In Zeiten von Change-Prozessen, Digitaler Transformation und neuen Arbeitsmodellen ist die interne Kommunikation ein entscheidender Faktor. Wenn sich alles wandelt im Unternehmen, sollten Mitarbeiter nicht nur informiert, sondern auch miteinbezogen werden. Ihr Input liefert wertvolle Hinweise, wo es hakt und wie sich Prozesse optimieren lassen. Das Intranet und interne Communities leisten dabei einen wichtigen Beitrag und tragen zur Wertschöpfung bei. Auch in Zeiten von Corona und digitalem Arbeiten im Homeoffice können sie ihre Stärken als verbindendes Kommunikationstool ausspielen.
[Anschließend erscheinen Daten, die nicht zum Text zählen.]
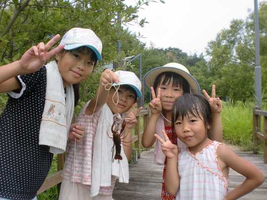 今年も孫たちを連れて狭山副池にあるビオトープへザリガニ釣りにやってきました。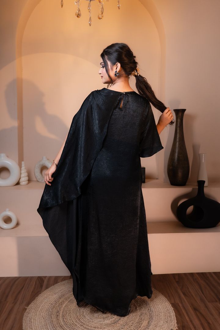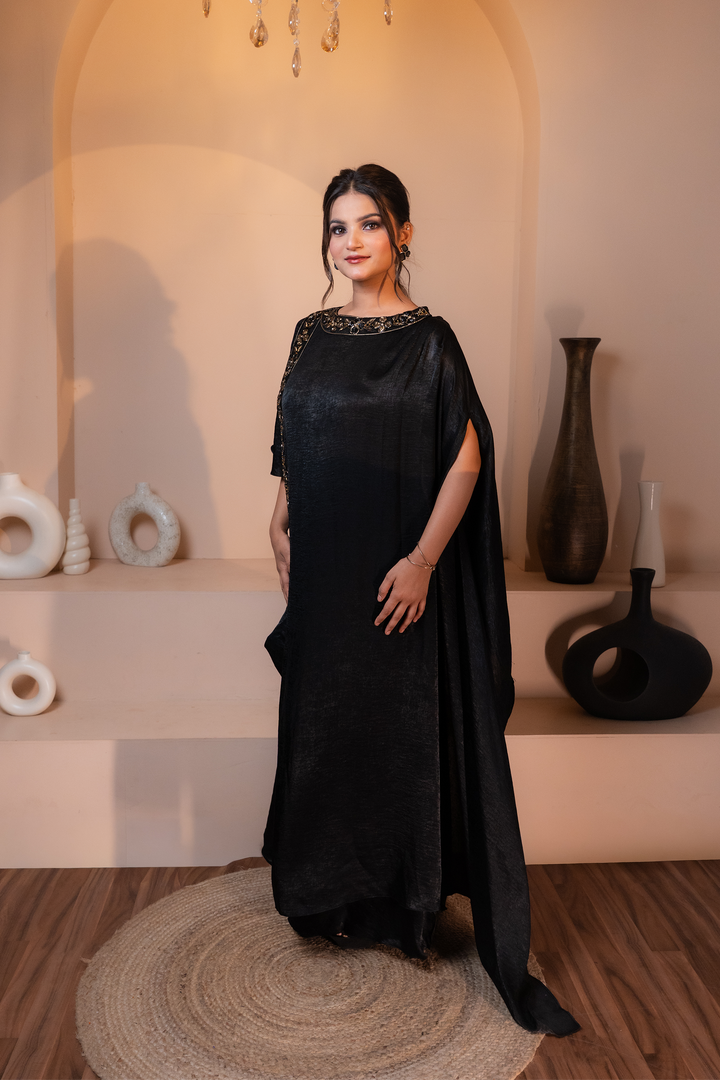 Where fluid grace meets quiet grandeur — Midnight Aura is a vision in black. Crafted from a lustrous soft-silk blend, this kaftan-style dress flows effortlessly with every movement, capturing light in the most mesmerizing way.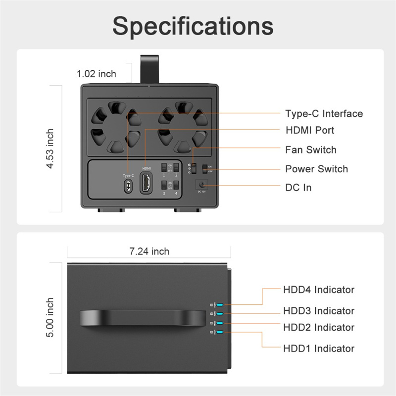 3. Independent Drive Management: Four independent power switches allow separate control for each HDD/SSD.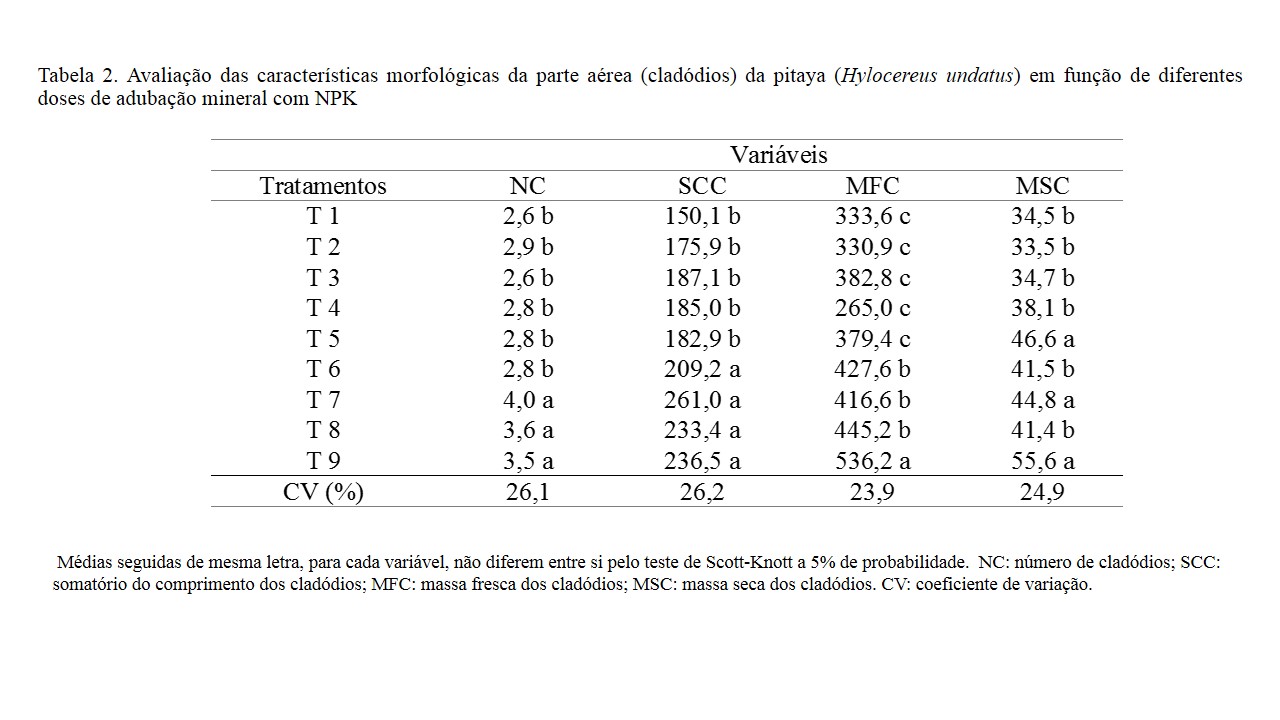 MOREIRA, R.A.M.; CRUZ, M.C.M.; FERNADES, D.R.; SILVA, E.B.; OLIVEIRA, J. Nutrient accumulation at the initial growth of pitaya plants according to phosphorus fertilization. Pesquisa Agropecuária Tropical, Goiânia, v. 46, n. 3, p. 230-237, set. 2016.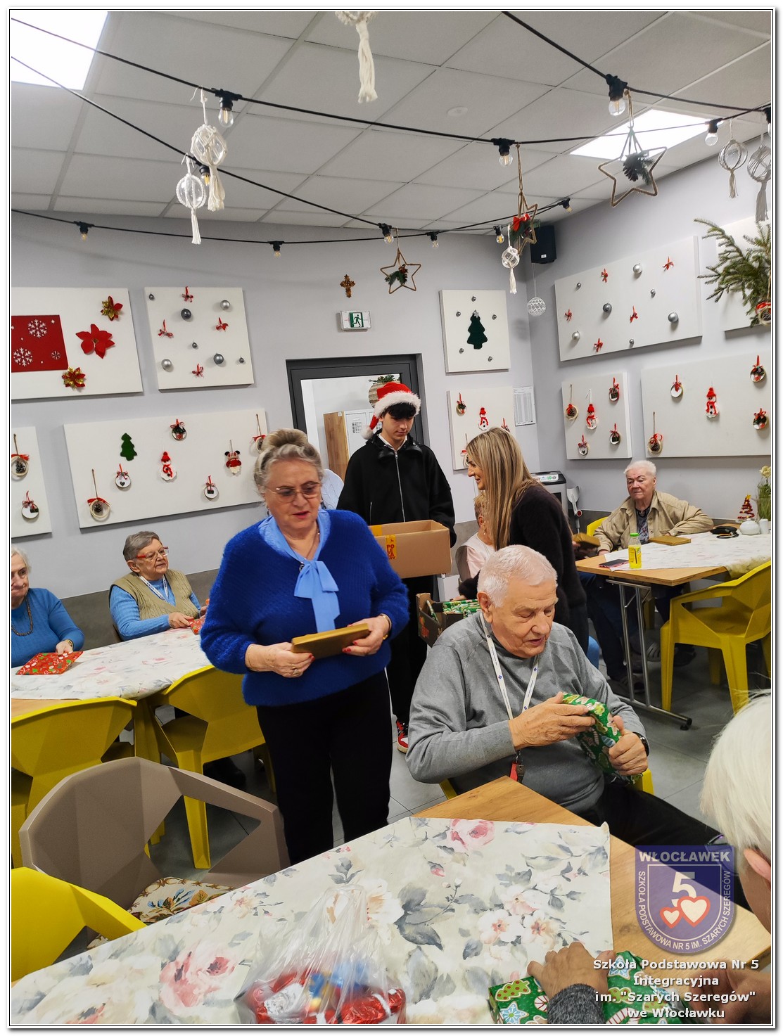 W dniu 16 grudnia 2025 roku wolontariusze ze Szkolnego Koła Wolontariatu „RazemSP5”, wraz z opiekunami p. Moniką Witek Czachorowską i p. Kamilą Szkołudą, przekazali do Centrum Wsparcia Społecznego przy ulicy Piekarskiej 25 we Włocławku książki zebrane w ramach akcji charytatywnej „Zaczytany Święty Mikołaj z SP5…”. Inicjatywa, zaproponowana przez p. Joannę Giergielewicz, zaangażowała całą społeczność szkolną i pozwoliła zgromadzić publikacje o różnorodnej tematyce – obyczajowej, biograficznej, kryminalnej i historycznej – które wzbogacą księgozbiór placówki. Na miejscu powitała nas Pani Dyrektor Agnieszka Chmielewska, Pani Agata Morawska oraz podopieczni CWS. Nasi wolontariusze wspólnie z seniorami zaśpiewali kolędy, zwiedzili placówkę i poznali specyfikę pracy Centrum Wsparcia Społecznego. Dziękujemy za ciepłe przyjęcie oraz miłą atmosferę spotkania. Wszystkim darczyńcom składamy serdeczne podziękowania za przekazane książki, które pozwoliły zrealizować tę piękną inicjatywę.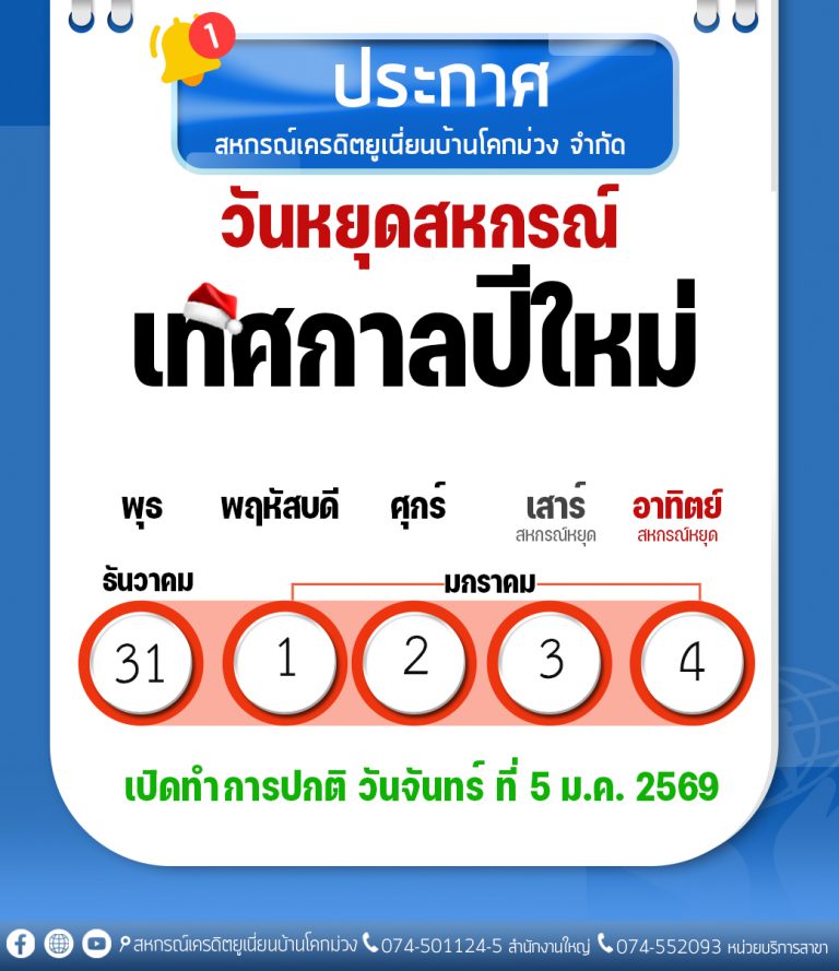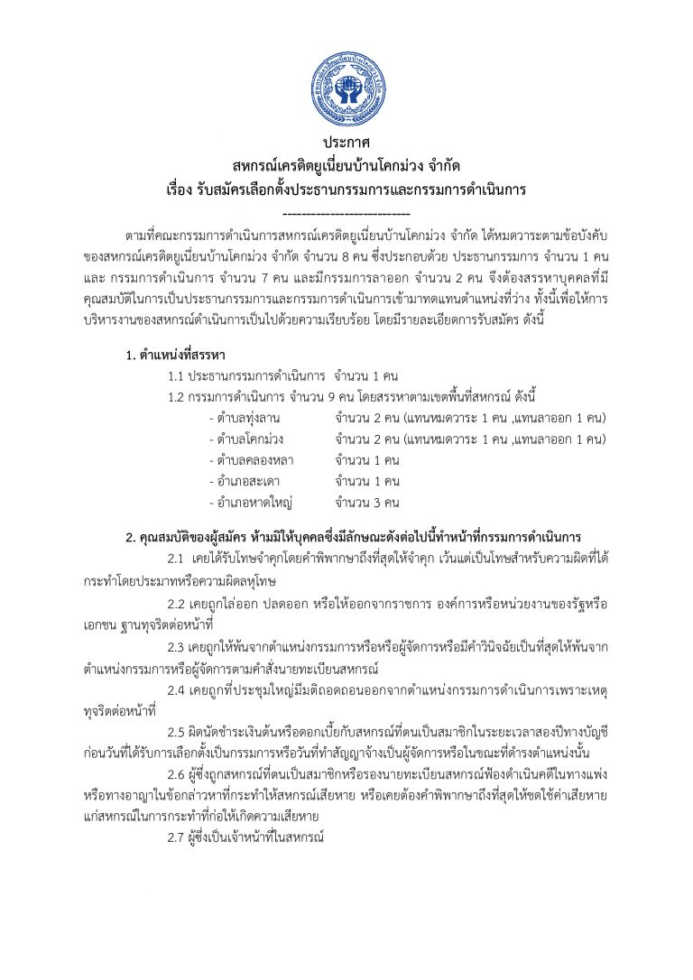 ประกาศ สหกรณ์เครดิตยูเนี่ยนบ้านโคกม่วง จำกัด การรับสมัครเลือกตั้งประธานกรรมการและกรรมการดำเนินการ14 มกราคม 256914 มกราคม 2026

Die Vorteile von gut gemanagten internen Communities: Sie fördern den Austausch und das Teambuilding, stärken das Wir-Gefühl und die Motivation, sie erleichtern den Wissenstransfer und die Nutzung von Synergien, sie helfen Silos aufzubrechen und Zeit zu sparen, wenn wichtige Informationen beispielsweise im Unternehmens-Wiki hinterlegt sind und kontinuierlich gepflegt werden. Sie können zur Verbesserung von Produkten, Kundenservices und Dienstleistungen beitragen, das Onboarding von neuen Mitarbeitern erleichtern, die Mitarbeiterfluktuation senken und damit Recruiting-Kosten einsparen. (siehe auch: Wie Sie mit internen Communities die Zusammenarbeit fördern
)
Voraussetzung für das Gelingen sind jedoch eine genaue Zielsetzung und klare Strategie, professionelle Corporate Community Manager, userfreundliche und über alle Devices nutzbare technische Tools und eine Unternehmenskultur, die Transparenz und Vertrauen fördert - und auch mal Fehler zulässt.
Große Konzerne wie Daimler
Bosch
und die Telekom
mit zigtausenden Mitarbeitern in vielen Ländern sind hier schon seit Jahren Vorreiter, doch auch kleinere Unternehmen tun es ihnen nach und arbeiten an Konzepten für interne Communities, wie Tanja Laub, Expertin für Community Management und Inhaberin der Beratungsfirma Walkabout Media
bestätigt: "Auch in kleinen Unternehmen und Agenturen kann eine gemeinsame Plattform den besseren Austausch der Mitarbeiter fördern."
Otto: Social Intranet wird "Mitmach-Net"
Auch im
Otto-Konzern
läuft seit 2020 vieles sehr anders in der internen Kommunikation. Im Januar - noch vor Corona - stellte der Versandhändler auf Microsoft 365 als zentrale Informations- und Kommunikationsplattform um, damit hieß es auch Abschied nehmen vom bisherigen Social Intranet, das erst vor drei Jahren visuell und konzeptionell überarbeitet worden war. Es bot Features wie Personalisierungen, einen unternehmensweiten Eventkalender, Corporate News, ein schwarzes Brett und Funktionen wie Liken, Sharen und Kommentare - und wurde ganz gut angenommen.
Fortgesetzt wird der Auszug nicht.